- YOUR TASK -
Where the line containing "KITCHEN: Fully stocked" appears, begin retyping; continue exactly through the final line of the data. Omit every picture.

- PROVIDED DATA -
──────────

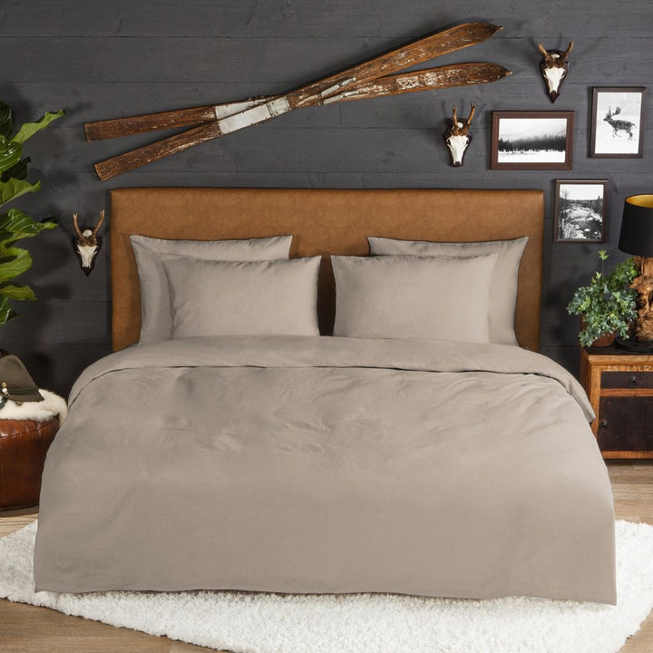 Breng een frisse en strakke uitstraling in je slaapkamer met het Good Morning Uni flanellen dekbedovertrek. Het effen zandkleurige ontwerp ademt rust en eenvoud, en sluit naadloos aan bij uiteenlopende interieurstijlen zoals Scandinavisch of minimalistisch. De zachte, neutrale tint maakt het eenvoudig te combineren met accessoires in diverse kleuren. Voeg bijvoorbeeld een plaid of bedsprei toe voor een persoonlijk en speels accent. Zo creëer je moeiteloos een warme en stijlvolle sfeer in je slaapkamer.
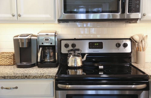 KITCHEN: Fully stocked with stainless appliances, granite counters, Ninja blender, toaster, chef grade knives, coffee/tea bar, etc
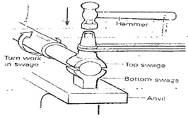 (b) With the aid of a sketch, show the process of swaging in forging.
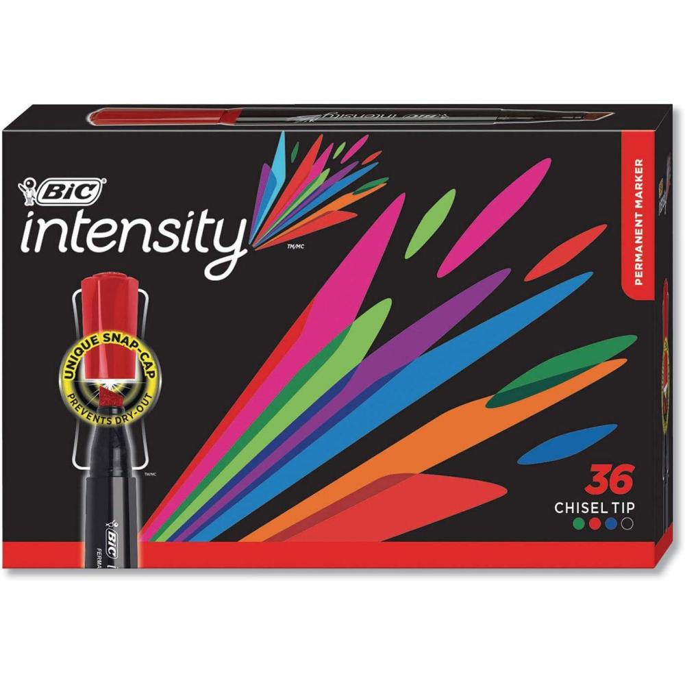 One 36-count box of BIC Intensity Permanent Markers in black, blue, red and green.
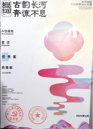 近日,由杭州市滨江区委宣传部、杭州市滨江区文广旅体局、杭州市滨江区长河街道、杭州高新技术产业开发区资产经营有限公司联合主办的“古韵长河·奔流不息—杭州长河老街文创与AI创意设计大赛”公布了大赛结果,我院视觉传达设计系学子在AI创意单元斩获佳绩,优秀奖1项,入围20项。据悉,大赛AI创意单元优秀奖仅设置5名,其中1名为我院2023级视觉传达设计3班俞雅妮同学(指导老师:陈昕)。
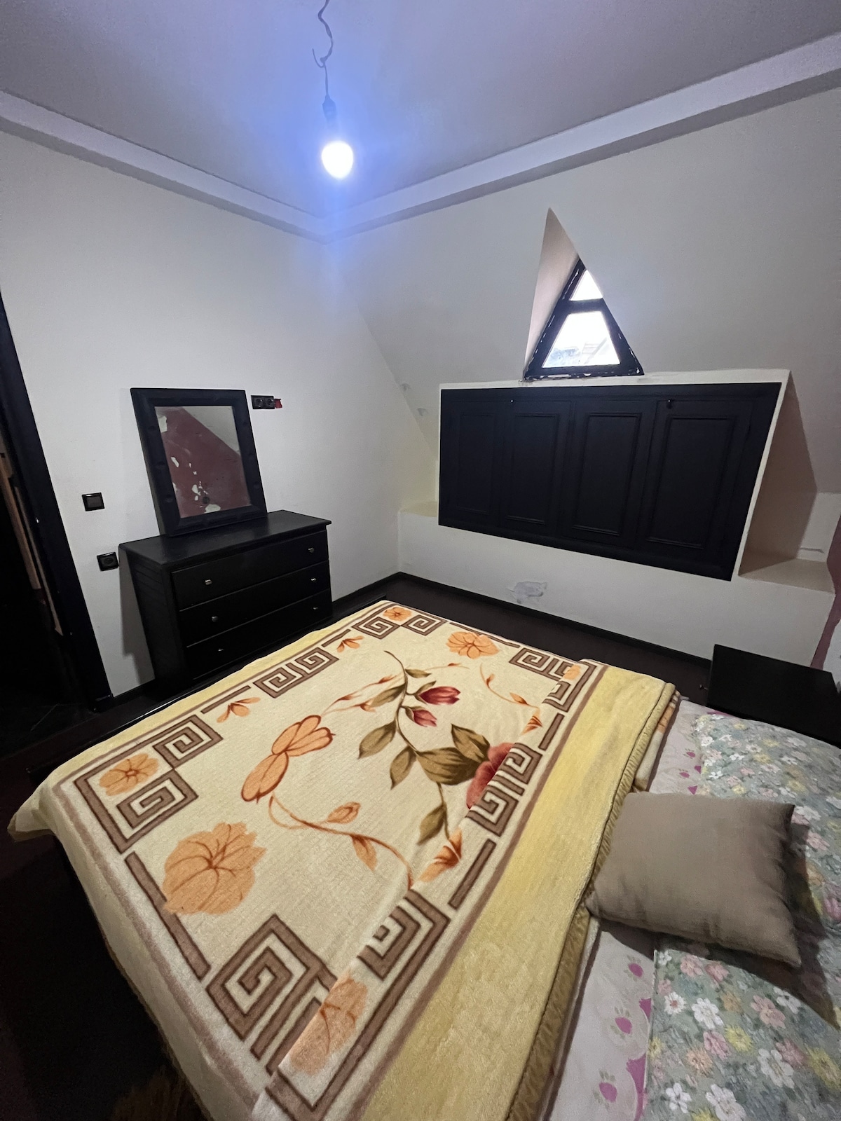 Private, cozy, and spacious first floor of a villa located in the upscale center of Ifrane. The villa features one master bedroom ideal for a couple, along with 2 additional living areas that can comfortably accommodate up to 4 more extra guests. The space is heated with a wood stove and electric oil filled heaters, ensuring warmth and comfort. There is also a fully equipped big kitchen, shower, hot water, TV, and Wi-Fi.

──────────

- ANSWER FOR THIS EXERCISE -
 KITCHEN: Fully stocked with stainless appliances, granite counters, Ninja blender, toaster, chef grade knives, coffee/tea bar, etc
 (b) With the aid of a sketch, show the process of swaging in forging.
 One 36-count box of BIC Intensity Permanent Markers in black, blue, red and green.
 近日,由杭州市滨江区委宣传部、杭州市滨江区文广旅体局、杭州市滨江区长河街道、杭州高新技术产业开发区资产经营有限公司联合主办的“古韵长河·奔流不息—杭州长河老街文创与AI创意设计大赛”公布了大赛结果,我院视觉传达设计系学子在AI创意单元斩获佳绩,优秀奖1项,入围20项。据悉,大赛AI创意单元优秀奖仅设置5名,其中1名为我院2023级视觉传达设计3班俞雅妮同学(指导老师:陈昕)。
 Private, cozy, and spacious first floor of a villa located in the upscale center of Ifrane. The villa features one master bedroom ideal for a couple, along with 2 additional living areas that can comfortably accommodate up to 4 more extra guests. The space is heated with a wood stove and electric oil filled heaters, ensuring warmth and comfort. There is also a fully equipped big kitchen, shower, hot water, TV, and Wi-Fi.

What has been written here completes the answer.